Bei dem mutmaßlichen Angreifer handelt es sich nach ersten Erkenntnissen um einen Marokkaner, der 25 Jahre alt sein soll. Den französischen und spanischen Behörden war er als radikaler Islamist bekannt. Nach Angaben der spanischen Ermittler lebte er bis 2014 in Andalusien, dann sei er über Frankreich ins Bürgerkriegsland Syrien gereist. Am 10. Mai hielt er sich nach Erkenntnissen der französischen Behörden in Berlin auf. Von hier aus sei er in die Türkei geflogen, nach seiner Rückkehr habe er dann in Belgien gewohnt.
Aus französischen Polizeikreisen verlautete, der Mann habe in einer ersten Vernehmung ein terroristisches Motiv bestritten, die Ermittler aber nicht überzeugt. Auch die belgische Staatsanwaltschaft leitete Ermittlungen wegen Terrorverdachts ein, da der Mann am Freitagnachmittag in Brüssel zugestiegen war. Die belgische Regierung kündigte am Samstag an, umgehend die französisch-belgischen Patrouillen in den Thalys-Zügen sowie in den internationalen Bahnhöfen zu verstärken.
Zwei US-Soldaten und ein Student überwältigten den Täter
Der mit einer Kalaschnikow, einer Pistole und einem Teppichmesser bewaffnete Täter war am Freitag in Brüssel in den Thalys eingestiegen. Zwei US-Soldaten und ein befreundeter Student überwältigten den Angreifer, zwei Menschen wurden schwer verletzt. Die drei US-Bürger, die durch ihr Eingreifen offenbar ein Blutbad verhinderten, wurden als Helden gefeiert.
Derweil erhebt der französische Schauspieler Jean-Hugues Anglade Vorwürfe gegen das Bahnpersonal. Als an Bord Panik ausgebrochen sei wegen des bewaffneten Angreifers, hätten sich mehrere Mitarbeiter in einem speziellen Abteil verschanzt und die übrigen Passagiere ausgesperrt, sagte er. Der aus dem Kultfilm "Betty Blue" bekannte Schauspieler führte gegenüber dem Magazin "Paris Match" aus, das Bahnpersonal habe das Abteil mit einem speziellen Schlüssel geöffnet und sich eingeschlossen. "Der Schütze war wenige Meter von uns entfernt im Waggon Nummer zwölf", berichtete der 60-Jährige. Er habe zusammen mit seinen beiden Kindern und seiner Lebensgefährtin im benachbarten Abteil gesessen, dem hintersten Personenwaggon des Zuges.

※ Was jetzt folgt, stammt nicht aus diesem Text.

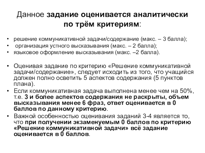 Важной особенностью оценивания заданий 3-4 является то, что при получении экзаменуемым 0 баллов по критерию «Решение коммуникативной задачи» всё задание оценивается в 0 баллов.

"Wir haben geschrien, dass uns das Personal hineinlassen solle"
Mit den anderen Passagieren habe er mit dem Rücken an der Wand zu dem abgeriegelten Abteil gekauert. "Wir haben geschrien, dass uns das Personal hineinlassen solle", sagte Anglade. Doch niemand habe reagiert. "Dieses Verlassensein, diese Hilflosigkeit, diese Einsamkeit - es war schrecklich und unerträglich. Für uns war das unmenschlich."
Die Geschäftsführerin der Thalys-Gesellschaft, Agnès Ogier, wies die Anschuldigungen zurück. "Einer der Mitarbeiter hat gemerkt, wie er von einem Schuss gestreift wurde." Er sei weggelaufen und mit fünf oder sechs Reisenden in den Gepäckraum am Ende des Zuges geflohen. Dort habe er den Alarm ausgelöst und anschließend die Kollegen aus dem anderen Zugteil und den Fahrer informiert. Ein anderer Mitarbeiter habe den Zugführer außerdem per Telefon alarmiert. In den beiden Zugteilen des Thalys befinden sich jeweils zwei Mitarbeiter der französischen Bahngesellschaft SNCF oder der belgischen SNCB.